Pivotal Knowledge Base

Follow

How to cancel restore gpdbrestore job

Environment

Product Version
Pivotal Greenplum (GPDB) 4.3.x
OS RHEL 6.x
Others  

Purpose

This article explains step by step approach to cancel a gpdbrestore

Cause

Killing a gpdbrestore on the master server (mdw) does not terminate the restore completely and leaves orphaned restore agents on the segment servers still running.

Procedure

Are we killing this restore because we think the restore is hanging and do not have a clue if it is progressing or on which stage of the restore it is?
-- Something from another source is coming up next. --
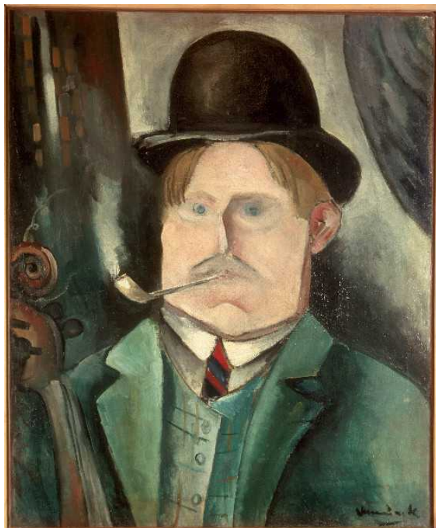
Автопортрет. Морис Вламинк. 1911(© ProLitteris)

Изобразить самого себя, наверное, самая сложная задача для художника. Каким предстать на картине? Как себя понять? Как научиться смотреть на себя со стороны? При этом необходимо удержаться от явного нарциссизма. Автопортрет, своеобразный опыт самопознания, должен соотноситься не только с самоощущением художника, но и выражать его эстетические принципы. Такая двойственность в значительной мере усложняет работу, вынуждая к искусственному разрыву между двумя сторонами цельной личности. Но именно автопортреты раскрывают для нас художника как человека, возможно, даже лучше любых других его картин.

If yes then please refer to below KB article first

Troubleshooting long running gpcrondump jobs

If we have already troubleshooted the restore progress using the above KB and we would still want to go ahead and cancel the restore then do the below steps

1. Get the PID of the gpdbrestore process running on the Master

ps -ef | grep gpdbrestore | grep -v grep

[gpadmin@mdw gpadmin]$ ps -ef | grep gpdbrestore | grep -v grep
gpadmin 26523 11385 1 10:35 pts/3 00:00:00 python /usr/local/GP-4.3.8.1/bin/gpdbrestore -t 20160923103359 --redirect demo

ps -ef | grep gpdbrestore | grep -v grep | awk '{print $2}'

[gpadmin@mdw gpadmin]$ ps -ef | grep gpdbrestore | grep -v grep | awk '{print $2}'
26523

2. Once verified that the above PID is correct, move ahead with the kill (You would see "Terminated" if tailing the gpdbrestore log or viewing it interactively on the screen)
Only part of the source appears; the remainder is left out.